In a podcast interview with Conservative Review, Representative Thomas Massie (RKy.) said the “STOP School Violence Act was bad enough for nationalizing defense of our schools,” but he further revealed, “There is money in that bill that is going to go to gun control groups. It literally says in there you can give it to the 501-C3s, and then it also says in there it can’t go to train anybody on gun safety. It’s got to go for all the liberal sort of agendas.”

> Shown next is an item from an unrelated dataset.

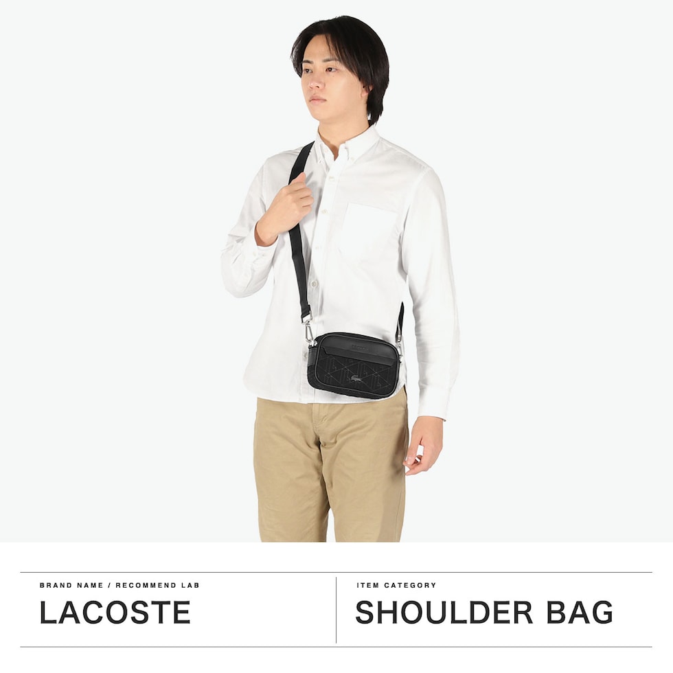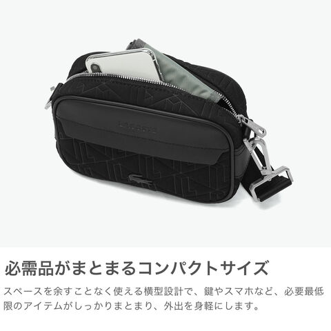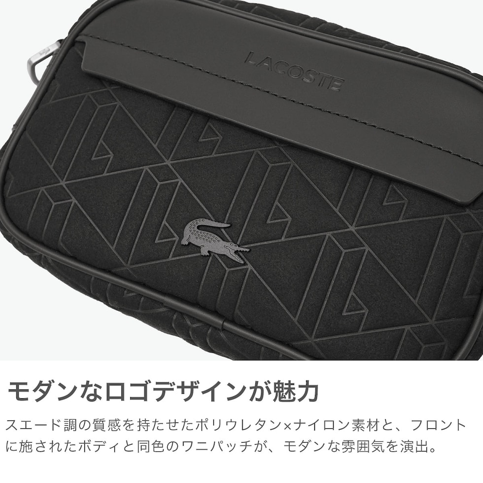ラコステ ショルダーバッグ メンズ レディース ブランド 小さめ LACOSTE バッグ 斜めがけ 大人 かっこいい 上品 軽量 おしゃれ ミニショルダー 斜め掛け 黒 ザ ブレンドシーズナル モノグラムコンビレポーターバッグ NH5175BG

The House passed H.R. 4909 on March 14, 2018 by a vote of 407 to 10 (Roll Call 106). We have assigned pluses to the nays because school safety is not a proper function of the federal government, and no action the federal government has ever taken would actually make schools safe. School safety should be addressed at the local level. Furthermore, the nationalizing of local police and school security, as well as any other gun-control measures contained in the bill, are all strictly unconstitutional.

Learn More

congress.gov/bill/115th-congress/house-bill/4909

View this vote roll call.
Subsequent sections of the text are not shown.